(Saved entries)
——————————

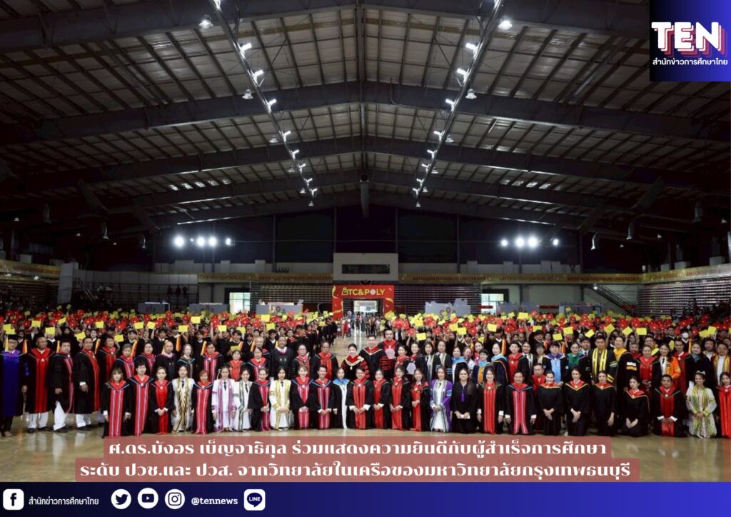 วันที่ 20 เมษายน 2568 วิทยาลัยอาชีวศึกษากรุงเทพธนบุรี และวิทยาลัยเทคโนโลยีโพลีกรุงเทพ จัดพิธีรับประกาศนียบัตรประจำปีการศึกษา 2567 วันแห่งความทรงจำของเหล่านักศึกษา ณ อาคาร BANGKOK THONBURI HALL มหาวิทยาลัยกรุงเทพธนบุรี โดยศาสตราจารย์ ดร.บังอร เบ็ญจาธิกุล อธิการบดีมหาวิทยาลัยกรุงเทพธนบุรี เป็นประธานในพิธีมอบประกาศนียบัตรให้กับผู้สำเร็จการศึกษาระดับประกาศนียบัตรวิชาชีพ (ปวช.) ประกาศนียบัตรวิชาชีพชั้นสูง (ปวส.) จากวิทยาลัยอาชีวศึกษากรุงเทพธุรกิจ และวิทยาลัยเทคโนโลยีโพลีกรุงเทพ ประจำปีการศึกษา 2567 พร้อมกล่าวให้โอวาทและแสดงความยินดีกับผู้เข้าร่วมงานดังกล่าว และได้เน้นย้ำถึงความสามารถ ความรู้ และทักษะที่ได้รับจากสถาบันไปใช้งานและดำเนินชีวิต ในการนี้ รศ.ดร. ดวงฤทธิ์ เบ็ญจาธิกุล ชัยรุ่งเรือง สมาชิกสภาผู้แทนราษฎรพร้อมด้วยคณะผู้บริหาร คณาจารย์ และผู้ปกครองได้ร่วมแสดงความยินดีกับผู้สำเร็จการศึกษาจากวิทยาลัยในเครือของ มกธ. ทั้ง 2 แห่งดังกล่าวด้วย รวมถึงได้รับเกียรติจาก พันตำรวจโท สืบศักดิ์ ผันสืบ (รองผู้กำกับโจ้) อดีตนักกีฬาตะกร้อทีมชาติไทย ปัจจุบันดำรงตำแหน่ง รอง ผกก.จร.สน.วังทองหลาง และกรรมการสมาคมกีฬาตะกร้อแห่งประเทศไทย ขึ้นรับโล่ศิษย์เก่าดีเด่นที่ประสบความสำเร็จในการเรียนดีเด่น […]
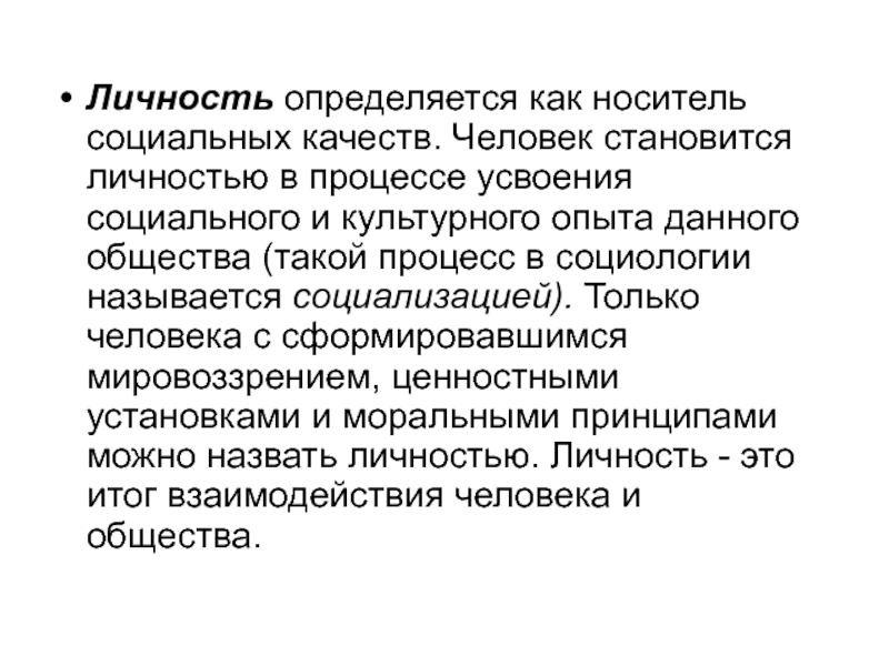 Слайд 10Личность определяется как носитель социальных качеств. Человек становится личностью в процессе
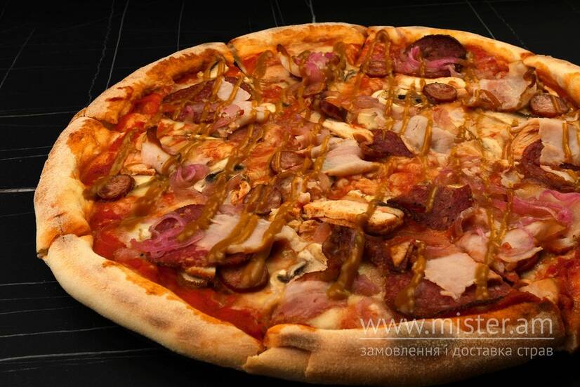 Моцарела, соус томатний, салямі, шинка, мисливські ковбаски, курка, бекон, гриби, цибуля, соус часниковий.
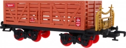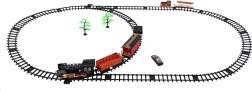 Le set comprend un ovale de rails avec un système d’assemblage simple, une locomotive détaillée avec tender et trois wagons, des accessoires tels que bâtiment de gare, station et arbres, ainsi qu’une alimentation via câble USB. Grâce au plastique robuste, l’ensemble est durable et adapté à un jeu quotidien.
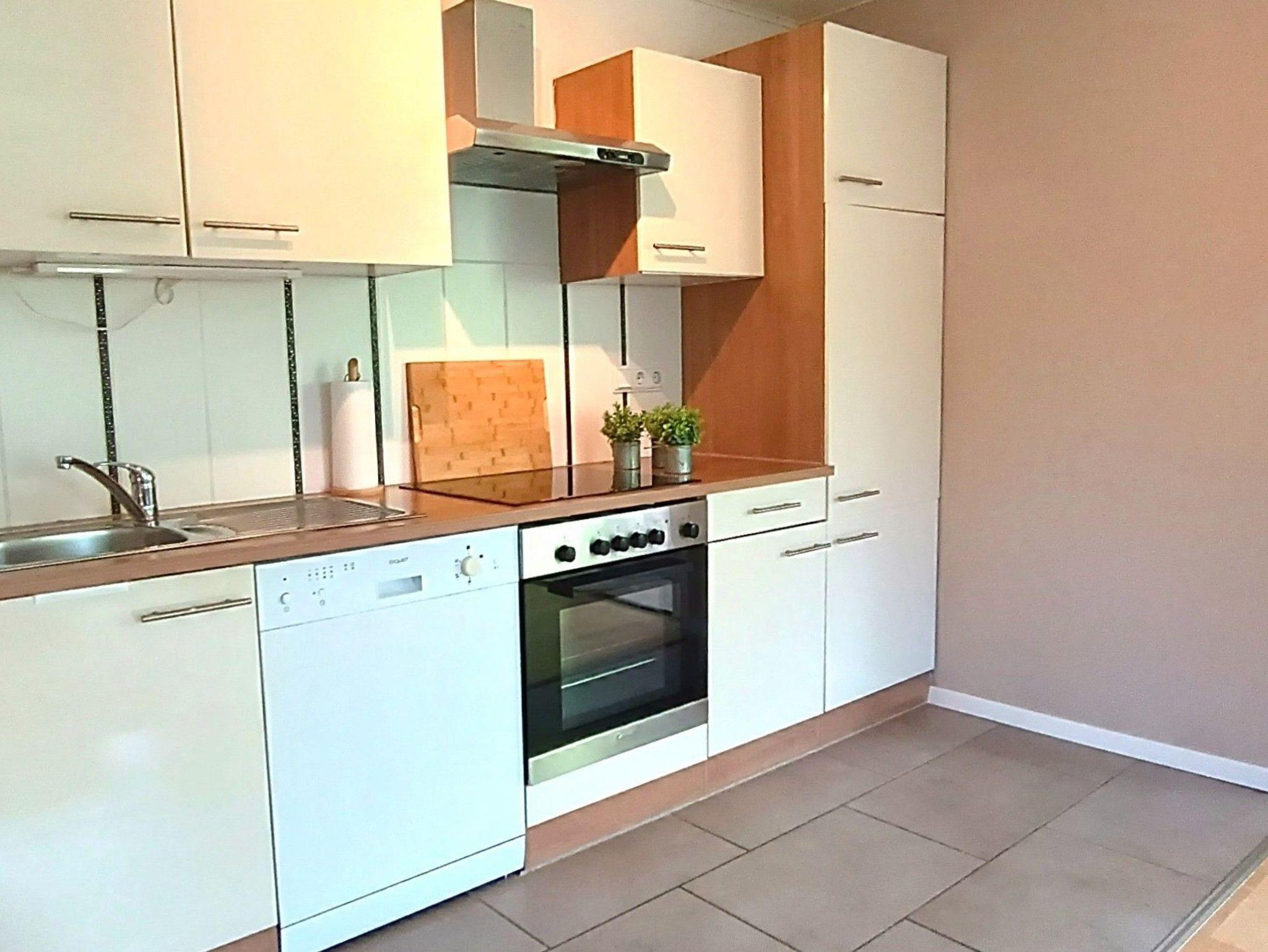 Einbauküche , Elektroherd , Spülmaschine , Kühlschrank mit Gefrierfach .
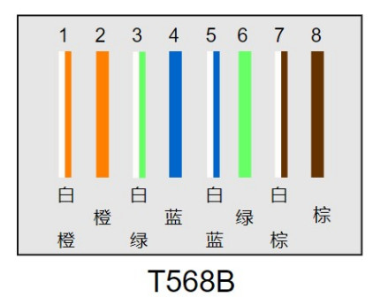 标准568B:橙白-1,橙-2,绿白-3,蓝-4,蓝白-5,绿-6,棕白-7,棕-8。
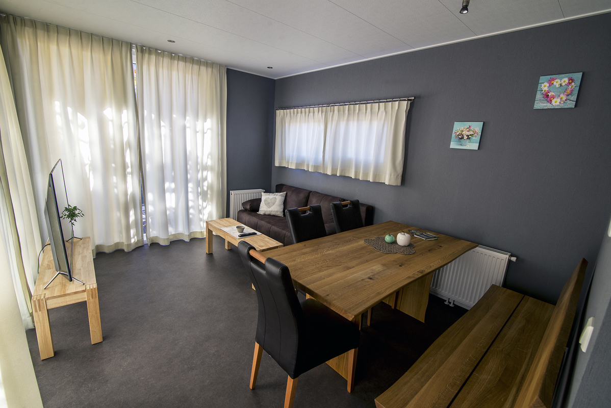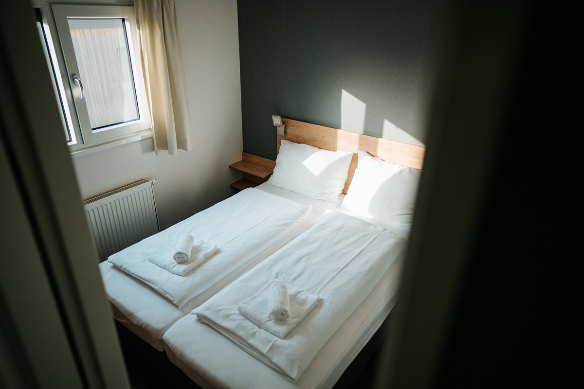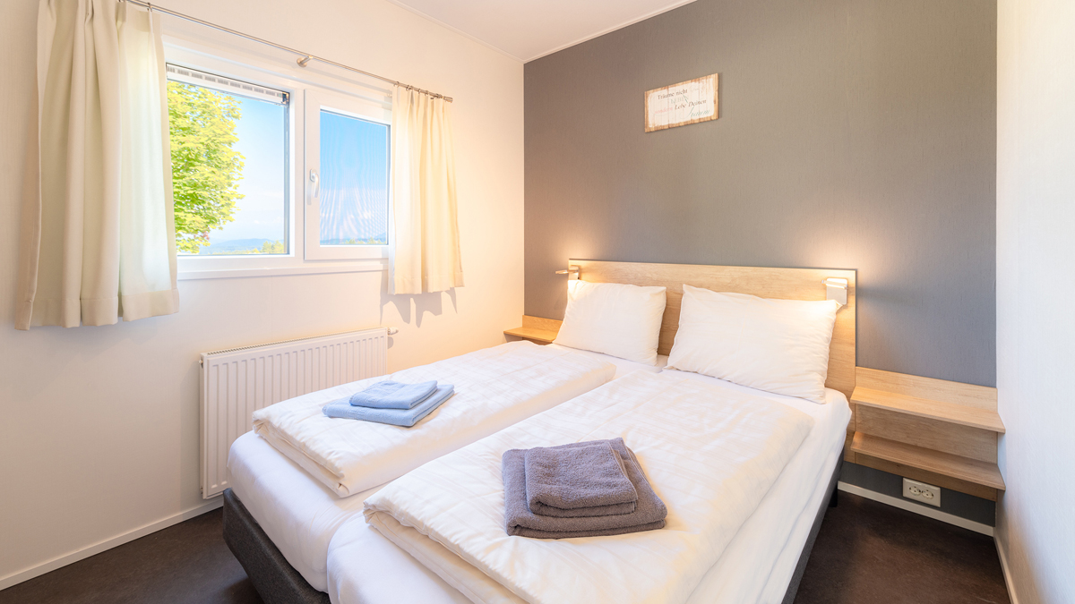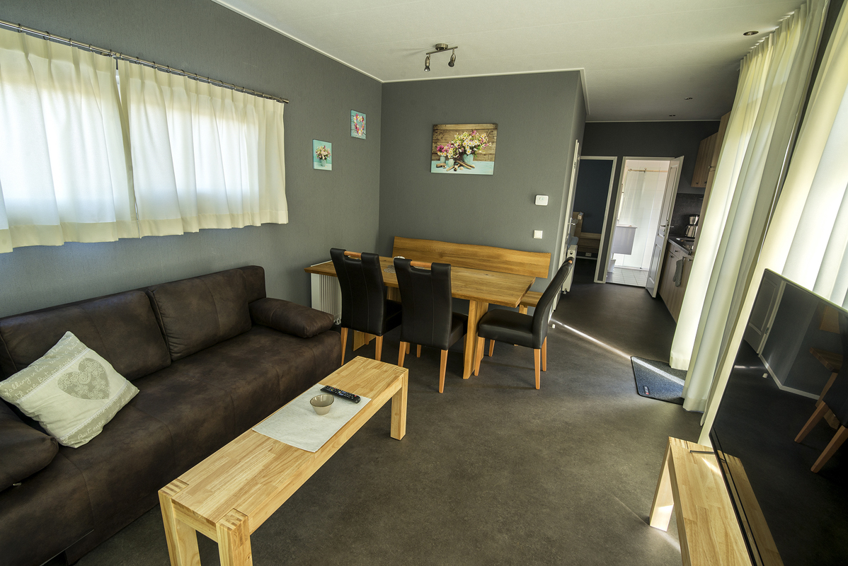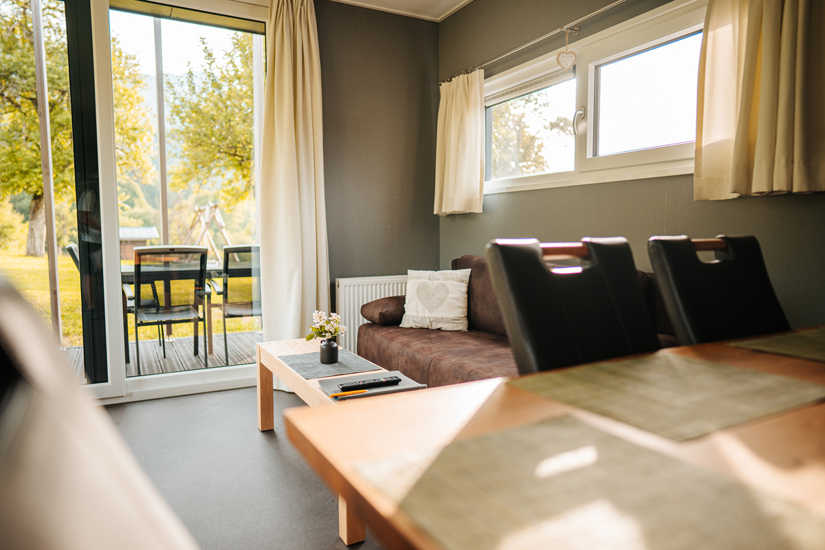 Chalet 4+2 - 45 m² - 1 ložnice s manželskou postelí, ložnice se 2 samostatnými lůžky, obývací pokoj s kuchyňským koutem a gaučem pro 2 děti do nedovršených 17 let, sociální zařízení, terasa

——————————

### Task prompt
Please retype the lines from the one containing "Einbauküche , Elektroherd" through the last line of the records above, exactly as written, and leave out any pictures.

### Output of the task
 Einbauküche , Elektroherd , Spülmaschine , Kühlschrank mit Gefrierfach .
 标准568B:橙白-1,橙-2,绿白-3,蓝-4,蓝白-5,绿-6,棕白-7,棕-8。
 Chalet 4+2 - 45 m² - 1 ložnice s manželskou postelí, ložnice se 2 samostatnými lůžky, obývací pokoj s kuchyňským koutem a gaučem pro 2 děti do nedovršených 17 let, sociální zařízení, terasa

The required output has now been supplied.